Real-Time Transaction Fraud Detection Using Adaptive Hoeffding Trees for Concept-Drift Resilience
DOI:
https://doi.org/10.63503/j.ijcma.2025.156Keywords:
Quantum Machine Learning, Drug Discovery, Molecular Simulation, Molecule Generation, Noisy intermediate-scale Quantum (NISQ)Abstract
The fight between the fraudsters and financial institutions is not a static battle its ever changing. Fraudsters always keep up- dating their techniques, so financial institutions also need to evolve their technologies. Therefore, it requires a development of technology that can learn in real time that is dynamic system instead of batch-trained models.

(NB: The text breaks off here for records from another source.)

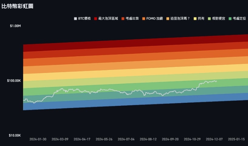 比特币彩虹图 展示 ,比特币当前价格( 9.7 万美元 )位于「 考虑定投 」区间。
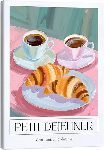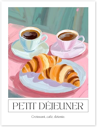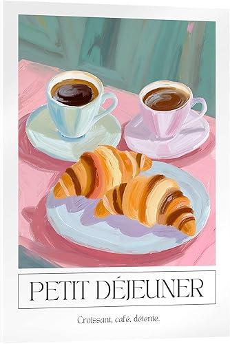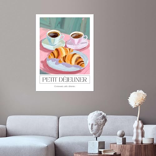 Petit Déjeuner - Croissant, Café, Détente Poster de Ohkimiko 13 x 18 cm Déco pastel Tableaux Décoration murale
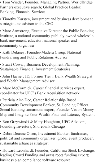 See our list of financial, legal, business development, media, education and community relations advisors and partners below. See our list of RCI team and coordinators.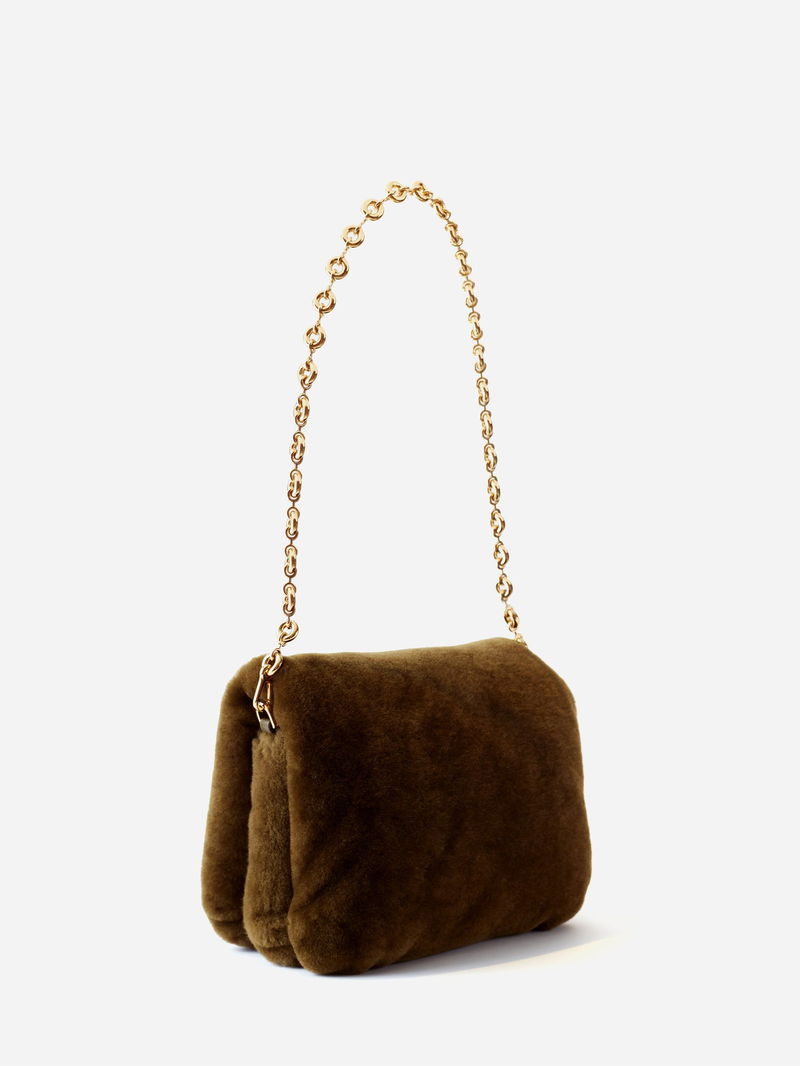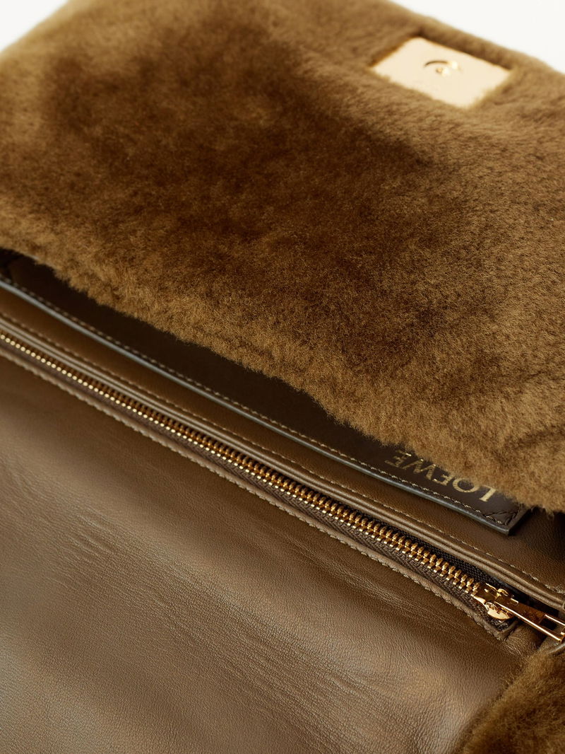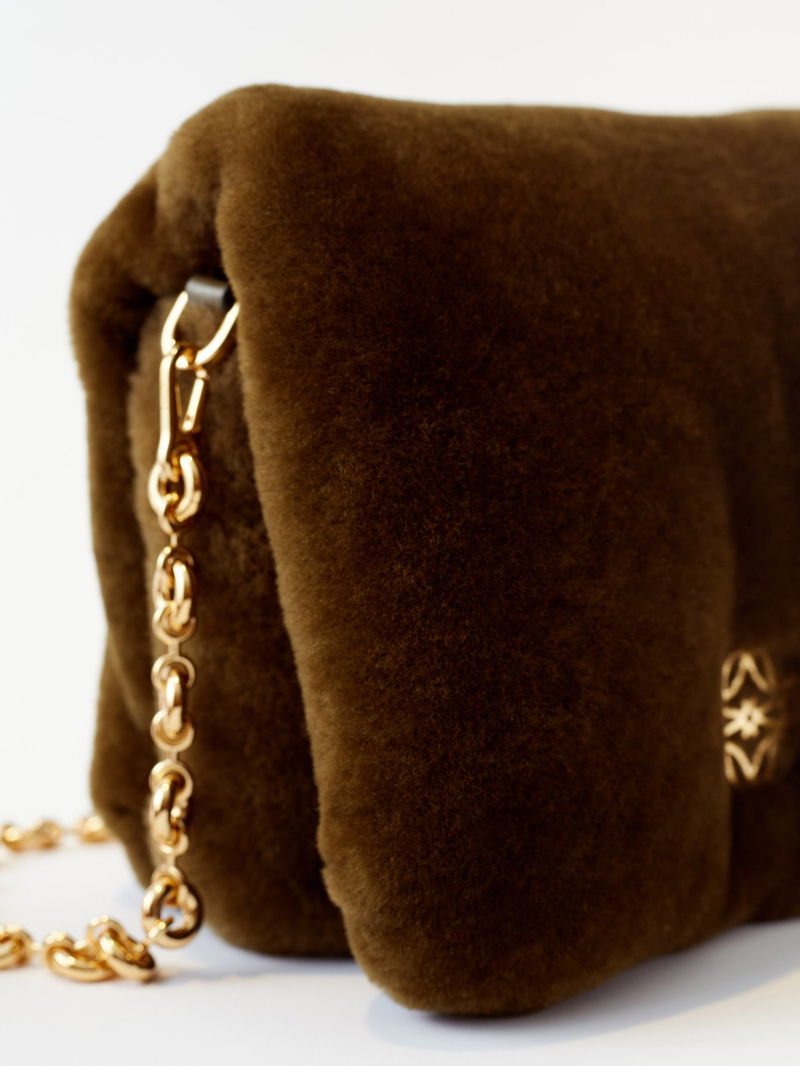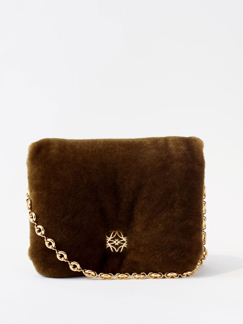 Loewe enhances the dramatic, padded silhouette of its brown Puffer Goya shoulder bag by rendering it in plush shearling with a supple leather lining.

This paper introduces a online learning framework for real-time transactional fraud detection that directly explains the challenge of concept drift. We treat the complex IEEE-CIS dataset not as a static file, but as a continuous flow of live transactions. Our methodology is cantered on the river machine learning library, employing an Adaptive Hoeffding Tree Classifier an incremental decision tree capable of learning from data one sample at a time and adapting its very structure to changes in the fundamental data distribution. We illustrate using a sequential evaluation that the model’s performance gradually improves as the system processes a large amount of data, and dramatically, and it can recover and adapt after the introduction of new fraud patterns. This work represents the fundamental superiority of online learning for real-time applications and provides a practical blueprint for building fraud detection systems that learn and evolve, rather than simply executing a static set of learned rules.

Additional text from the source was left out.